I’d be impeached within hours. :slight_smile:

Regards,
-Bouncer-

Well, I can’t be bought/bribed/pork barreled. I have a stubborn streak when I’m threatened. I have a strong need to see justice carried out to the very end, and I have an old fashioned temper when I’m pissed.

I can’t think of a single elected president who that describes.

I lack tact and patience and am easily irritated. I strongly admire Obama’s patience; if I were in his position I think I’d have considered drone strikes against some of the Republicans by now. :eek:

I checked “By the time I’m finished, they’ll be no-one left to remember” though that’s an exaggeration: I’d probably be able to avoid “pushing the button.”

The worrying part is how many voters think Ted Cruz and the current GOP aren’t extreme enough. They think that they are sellouts.

Like others I would be terrible at allowing business as usual to continue in DC. I would strive towards a balanced budget and get rid of a lot of agencies, which would save the taxpayers a lot of money but cost a lot of government workers their jobs.

I would be ranked right there among Chester A. Arthur or Franklin Pearce, not even up to the notoriety of Millard Fillmore. A footnote to history or a joke category on Jeopardy!

Kill all opposition.

I don’t suffer fools very well, so I expect that by the middle of my term I’d have alienated whatever base of support elected me, and consequently I’d get little done. I’d have no chance in hell of getting re-elected for a second term.

I figure I’d end up in the Franklin Pierce Gallery of Footnote Presidents[sup]TM[/sup]. Altho that would probably be better than ending up in the George W Bush/Barak Obama Hall of Presidents That Most People Ended Up Hating[sup]TM[/sup]. (I’ve never believed in the idea that it’s better to reign in Hell than to serve in Heaven.)

I’d be terrible at public speaking. I can barely come up with anything to say in any speech longer than 30 seconds. And in televised debates I’d be toast.

That being said, my policies would be:

  1. No more appeasement of China, Russia or North Korea.
  2. A flat income tax of 10% for everyone earning $10,000 or more.
  3. A balanced-budget amendment.
  4. Have the GAO identify areas of wasteful spending. Then cut them out.
  5. Increase arms sales to ally nations.
  6. Force hospitals to be transparent about their prices and prohibit them from deviating from listed prices.
  7. Hold the media to much greater accountability. Make libel, slander and liability laws much stiffer for the media.
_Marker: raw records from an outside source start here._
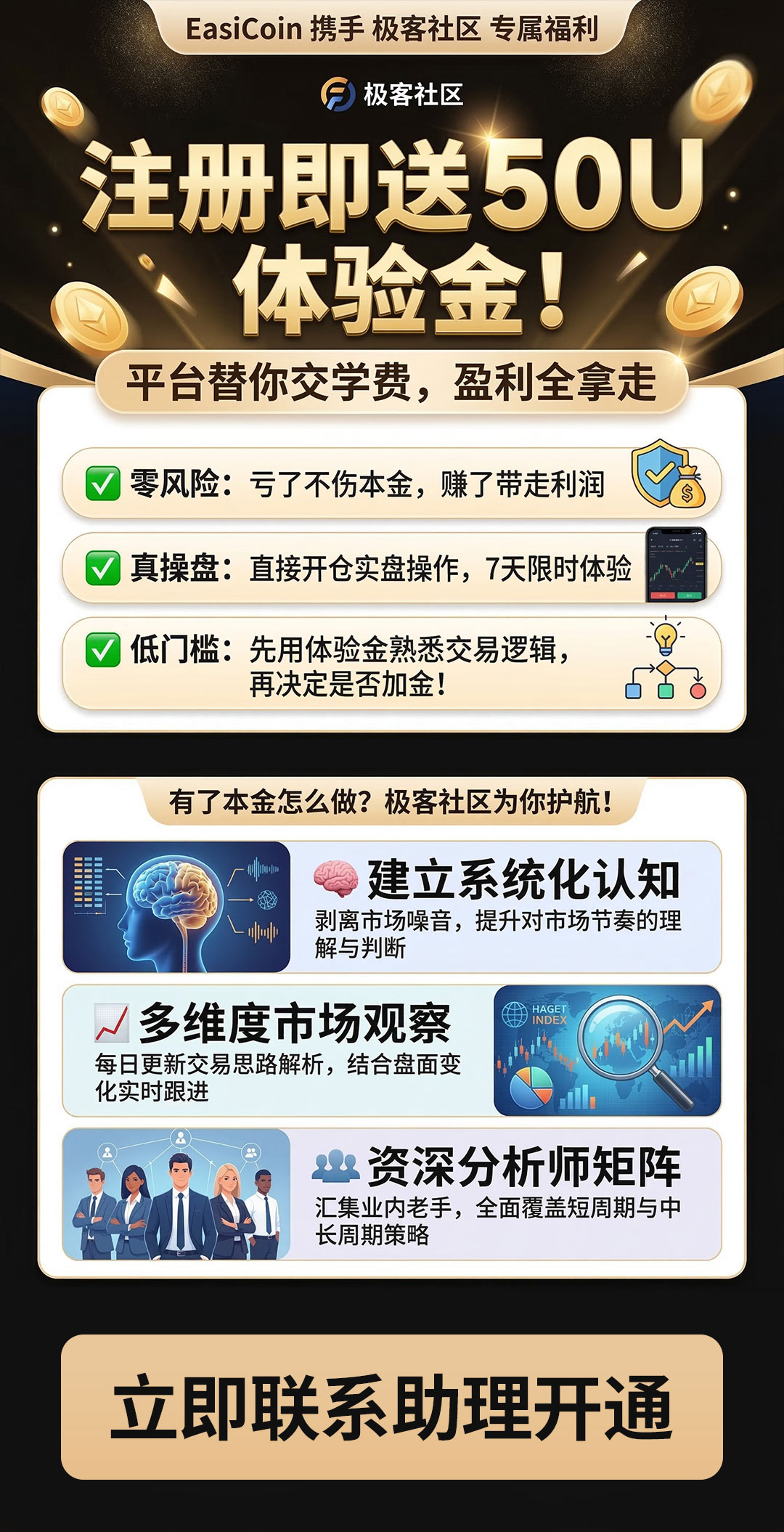 EasiCoin 携手 极客社区 专属福利 注册即送50U体验金!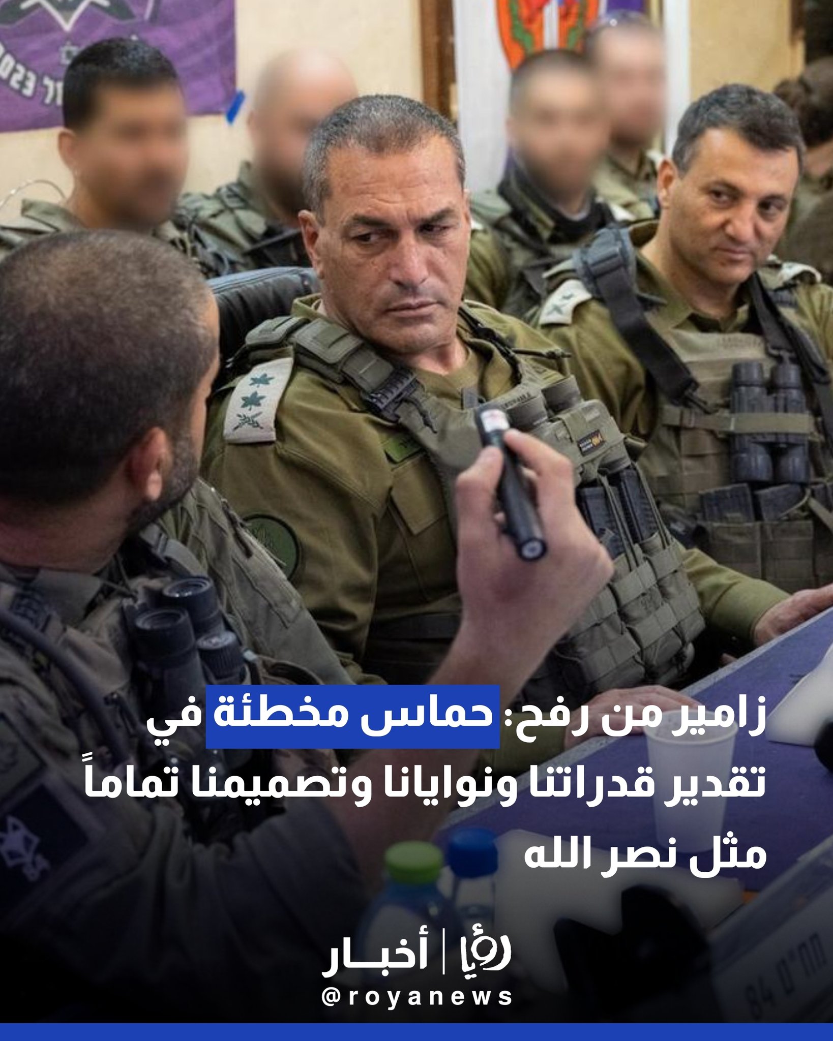 زامير من رفح: حماس مخطئة في تقدير قدراتنا ونوايانا وتصميمنا تماماً مثل نصر الله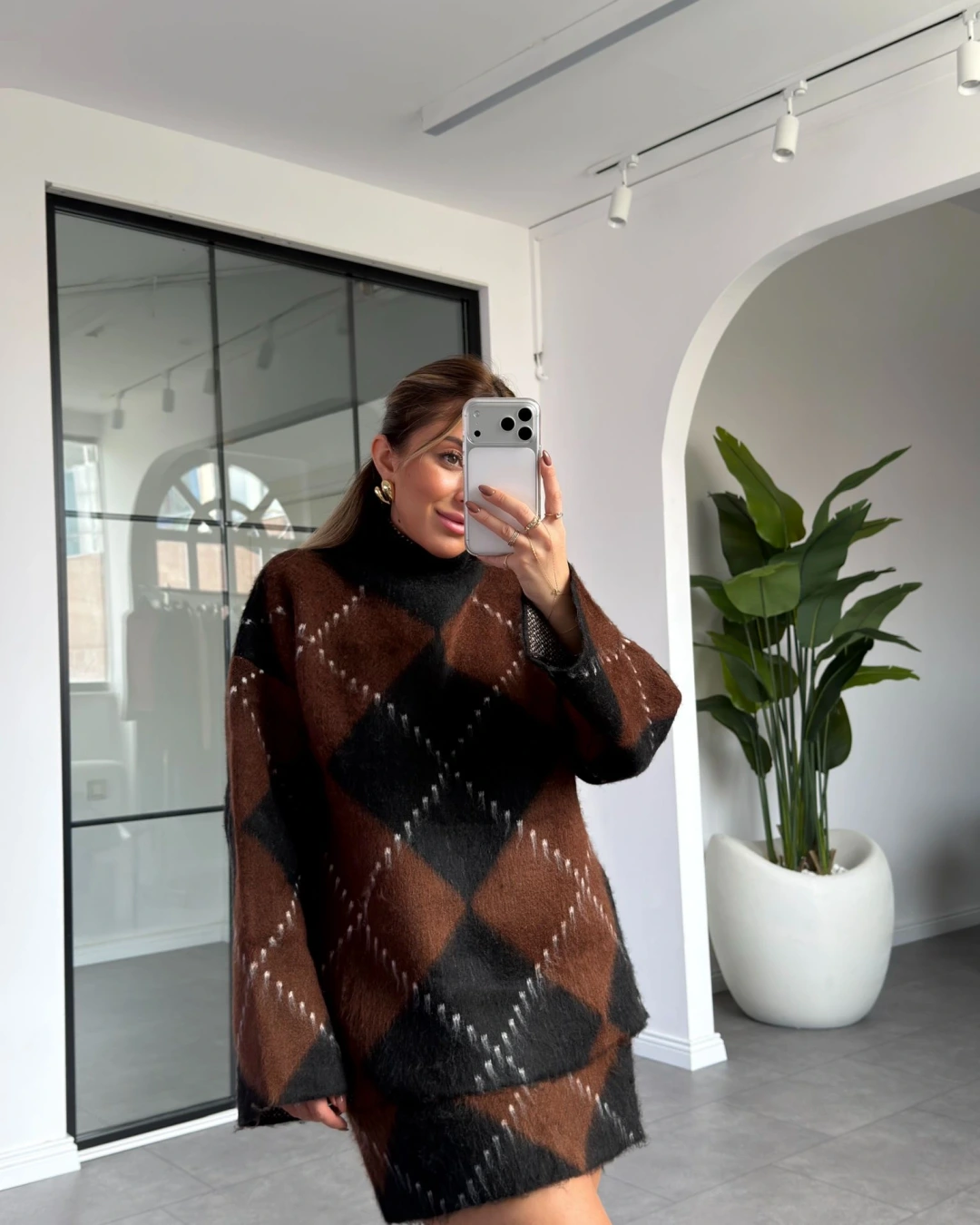 KAHVERENGİ BAKLAVA DESEN ETEK TAKIM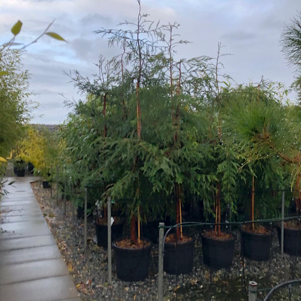 This was introduced to Britain from California in the 1840s and some are now over 150ft tall although because both the Redwoods tend to tower above everything else they often get their tops removed by lightening strikes. The English obsession with collecting makes this more likely as the trees are so often planted on their own, as single specimens. Plant them in groves! We need more groves! We have a customer who planted a grove of 23 of them immediately (yes, immediately) outside his back door. Can you imagine? Straight out of the back door in East Sussex into California. A near Narnia-through-the back-of-the-wardrobe experience. He calls them 'The Boys' and God knows what his foundations will be like in 50 years time but as we all know, one must suffer for one's art.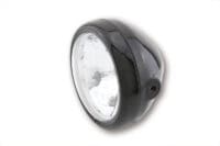 H4 headlight with clear glass in a black metal housing with side mounting points. The headlamp with parking light has an asymmetrical reflector and adjustable inner ring.

I wouldn’t be the top 5 because I can’t stand people and don’t like to manage them. However, my ultraliberal stances make me historically in tune with what Americans want, and my legacy in terms of laws and precedence will stand the test of time. Eventually, Americans will catch up to what I was promoting and realize how far ahead of the game I was

I’d consider every decision to be a choice between doing nothing and pushing the big red button.

Somewhere between Millard Filmore and Rutherford B Hayes.

The one talent I have that might be helpful is that I can listen to just about any crazy opinion or theory, and sit there and smile and nod in response. Everybody could tell me their plans and I’d just smile and nod. Then I’d go and do whatever I wanted.